The imposing structure of the Quaid-e-Azam library is one of the park’s most magnificent features and the history of the Victorian-style building is an interesting one. It started off as two halls, named Lawrence Hall and Montgomery Hall, built between 1861 and 1866. In her book titled Lahore: The Architectural Heritage, Lucy Peck writes:

“The Lawrence Hall was the first of these to be built. It was used for public meetings and theatrical entertainment. Montgomery Hall was built behind it in 1866, in tribute to Sir Robert Montgomery, second Lieutenant-General of Punjab, and was significantly altered, with a new roof and floor ‘for rinking [roller-skating] and dancing’, in 1875. It was mainly used for ‘grand balls and Darbars’.”

By 1878, the two halls became the birthplace of the Lahore Gymkhana, originally founded as The Lahore & Mian Mir Institute. Aimed at providing social and recreational activities to Lahore’s elite, the club housed a ballroom and a smaller room for cocktail dances, bars, billiards and table tennis. The club had its own cricket ground within the gardens as well as tennis courts.

The halls were taken over the Punjab Government in 1972, and the club shifted to its current premises on the Upper Mall. Since the 1980’s, the buildings have been in use as a reference library called Quaid-e-Azam Library, with an impressive collection of 125,000 volumes, both in English and Urdu.

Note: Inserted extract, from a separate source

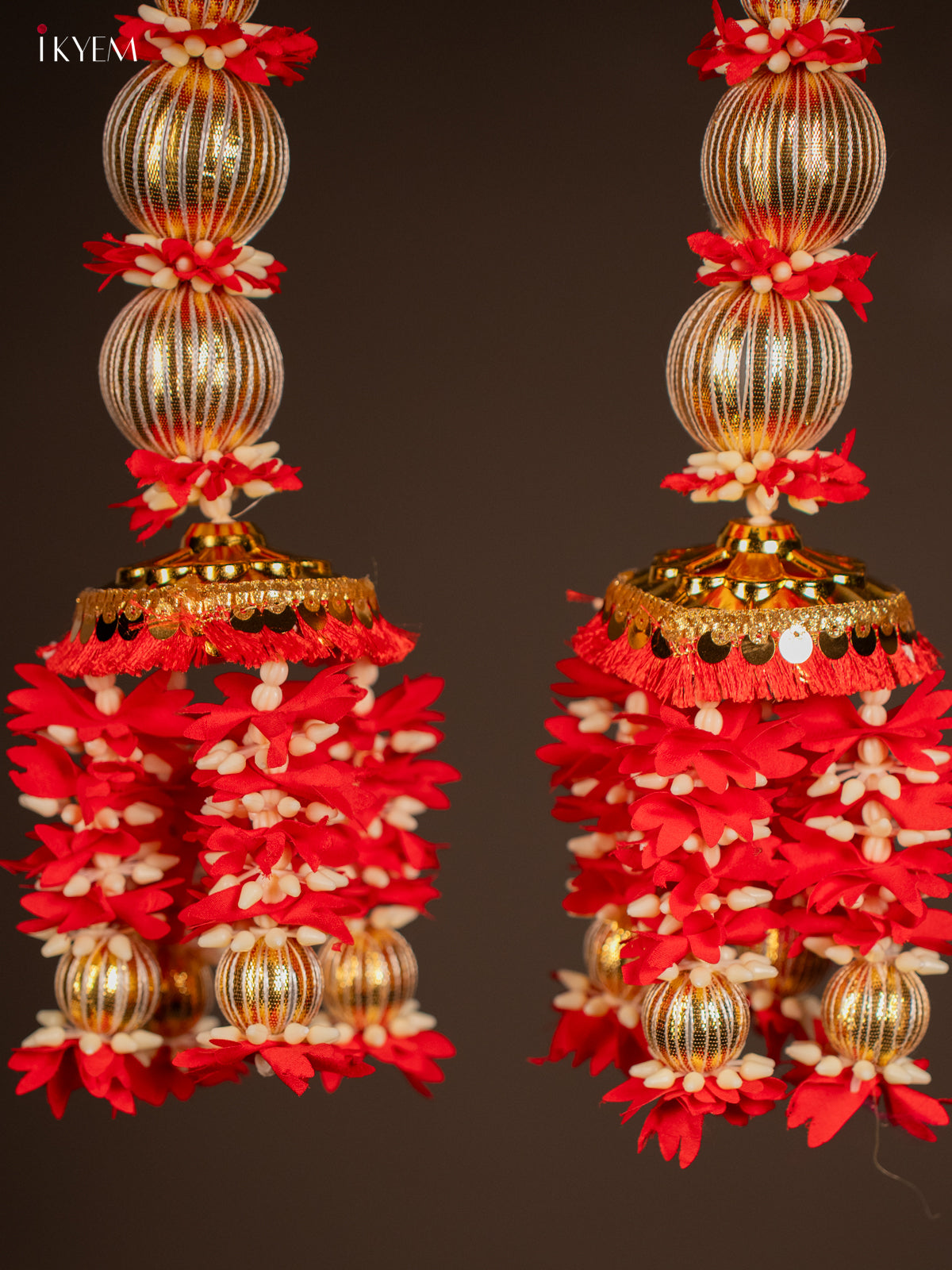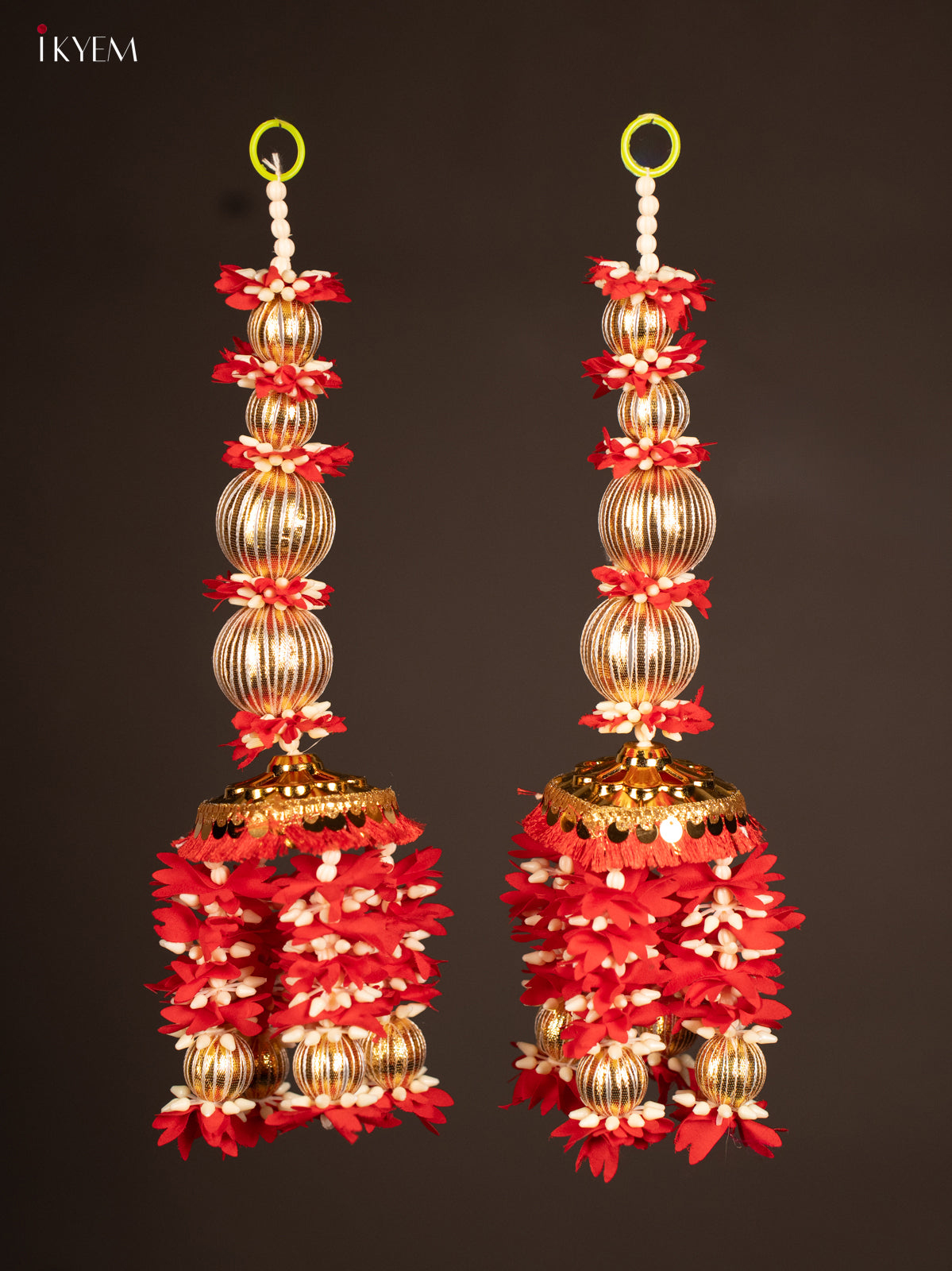 - Enhance your festive and ceremonial spaces with this Artificial Flowers Toran in red and white.

The Gymkhana cricket ground, still run by the club, is arguably the most picturesque cricketing venue in the country, and saw the first game being played in 1880. The Maharaja of Jammu and Kashmir and his counterpart of Patiala held regular fixtures against Lahore Gymkhana, the Punjab XI and other teams here.

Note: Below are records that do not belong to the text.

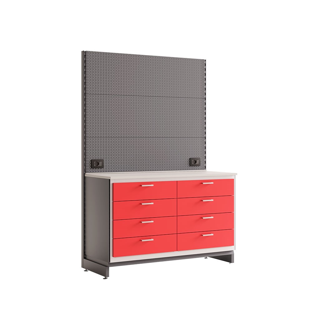 Silca Point shop display unit double cabinet with backing board 4 drawers right, 4 drawers left.
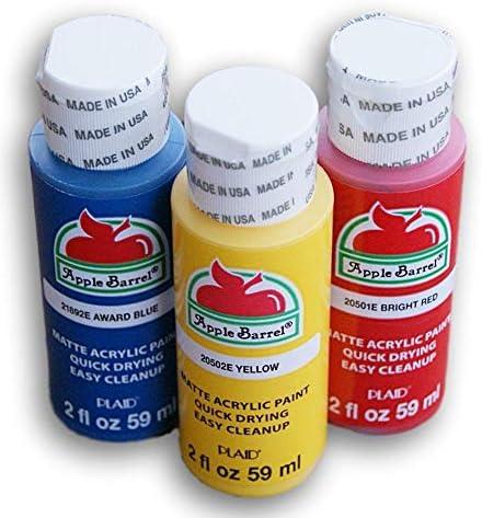 Includes three 2 oz bottles of paint (color names may vary slightly)
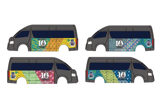 両者での産博連携そして地域連携を深めていく中で、同館は今年、開業10周年という節目を迎えられました。10周年事業について「一緒にお祝いするにあたり、なにができるか」を同館と協議する過程で「これまで築いてきた関係を大切にし、今後もよりよいパートナーシップを育んでいきたい」という思いが共有されました。その結論として、彌榮自動車が近年取り組んできたコラボレーション事業のなかでも大規模となる4両の車両ラッピングを施し「開業10周年号」として運行することとなりました。
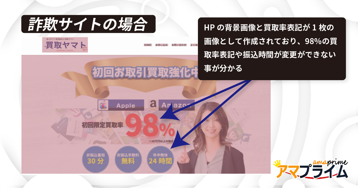 上記の理由から常に95%以上の買取率を謳っている買取サイトは高額な買取率で買取申込を促し、Appleギフトカードを騙し取る詐欺サイトの可能性が非常に高いです。
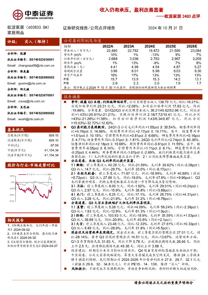 中泰证券:欧派家居24Q3点评:收入仍有承压,盈利改善显著.pdf
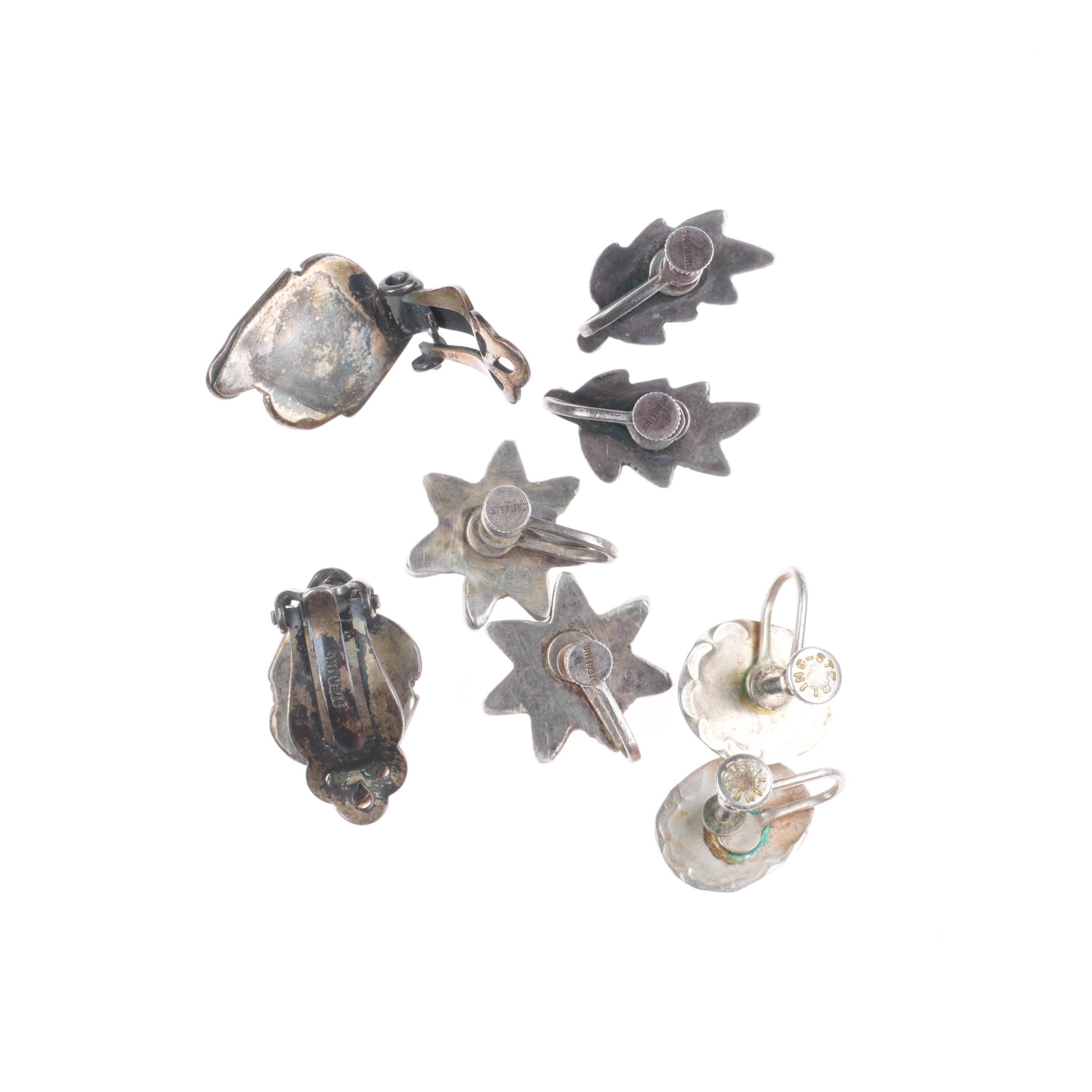 Vintage Zuni petit point turquoise/Navajo sterling silver/shell clip earring lot

The ground played host to Pakistan’s first unofficial test match against the West Indies in 1948. A few more unofficial matches later, Lawrence Gardens became a test venue when Pakistan took on India in 1955. New Zealand and West Indies also played a match here before the ground lost its test status due to the construction of Gaddafi Stadium.

Describing the Lawrence Gardens in their early years, Peck says the area was used by the Volunteer Rifles as a range, with the targets placed against disused brick-kilns. “The brick kilns are still there, augmented by bricks collected elsewhere, piled up to make significant hills; one of them was flattened at the top for people to sit out on in the evening.”

Many Lahoris have fond memories not only of these hills, but also of the magical trees that have witnessed years of history, the winding trails that have seen generations walk down the same pathways and the pristine lawns that have provided a sanctuary to anyone seeking a moment of respite – to simply sit down and take in the wonders of nature and heritage as they mingle exquisitely at this historic spot.